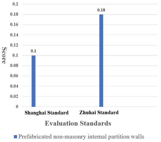 As an important component of the structural system in prefabricated buildings, enclosure walls and internal partition walls can improve the safety and overall performance of buildings, and they account for a large proportion in prefabricated buildings, and the scoring values of enclosure walls and internal partition walls should not be neglected [40]. For enclosure walls and internal partition walls, the evaluation criteria for the scoring method set specific scores for enclosure walls and internal partition walls and their corresponding integration, while weighting methods exhibit large differences in the calculation of enclosure wall and internal partition wall scores, as shown in Figure 3 and Figure 4.
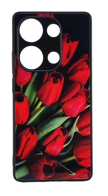 Чехол glass case для poco m6 pro стеклянный бампер рисунок цветы тюльпаны
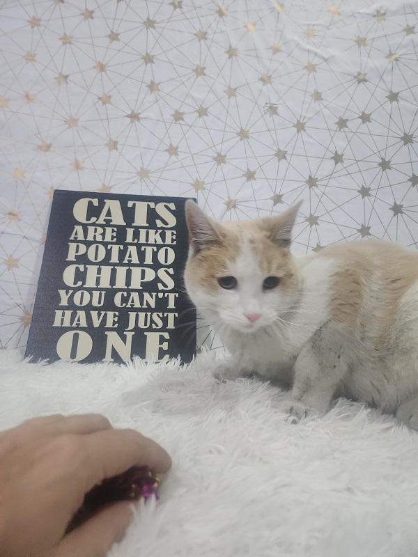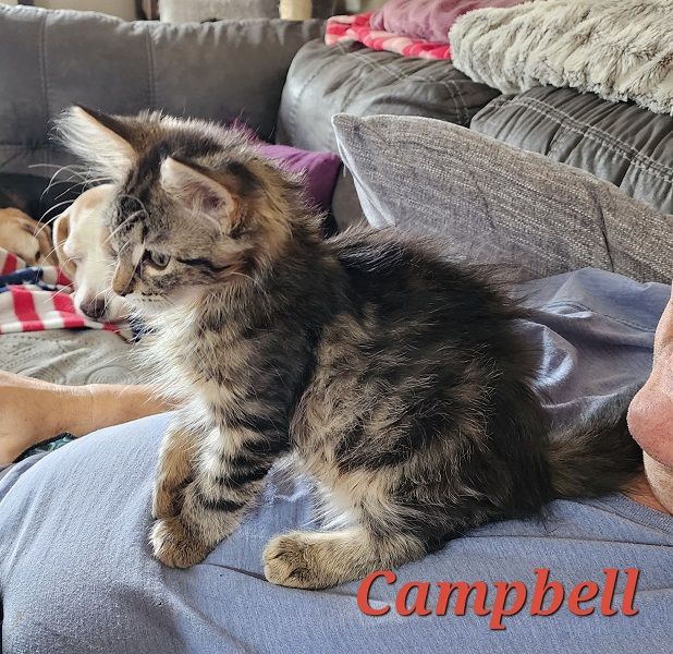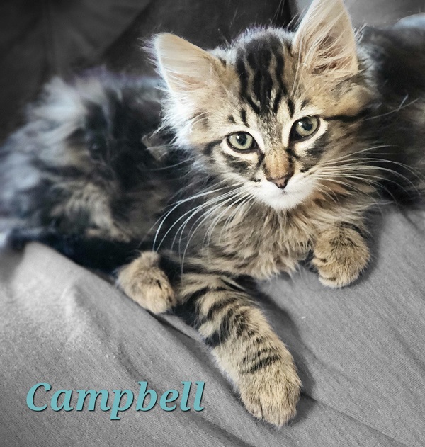 Nancy Kamphaus2024-01-28T15:39:58-08:00Meet three month old Campbell, he is a charming, social little boy who loves to cuddle. He is great with dogs and cats. The adopt fee is $250.00, please follow the link and submit an application at: https://forecloseduponpets.org/cat-adoption-application/

[Problem description]: Where a picture appears in the data, omit it; restate the rest word for word.

[Answer area]:
 As an important component of the structural system in prefabricated buildings, enclosure walls and internal partition walls can improve the safety and overall performance of buildings, and they account for a large proportion in prefabricated buildings, and the scoring values of enclosure walls and internal partition walls should not be neglected [40]. For enclosure walls and internal partition walls, the evaluation criteria for the scoring method set specific scores for enclosure walls and internal partition walls and their corresponding integration, while weighting methods exhibit large differences in the calculation of enclosure wall and internal partition wall scores, as shown in Figure 3 and Figure 4.
 Чехол glass case для poco m6 pro стеклянный бампер рисунок цветы тюльпаны
 Nancy Kamphaus2024-01-28T15:39:58-08:00Meet three month old Campbell, he is a charming, social little boy who loves to cuddle. He is great with dogs and cats. The adopt fee is $250.00, please follow the link and submit an application at: https://forecloseduponpets.org/cat-adoption-application/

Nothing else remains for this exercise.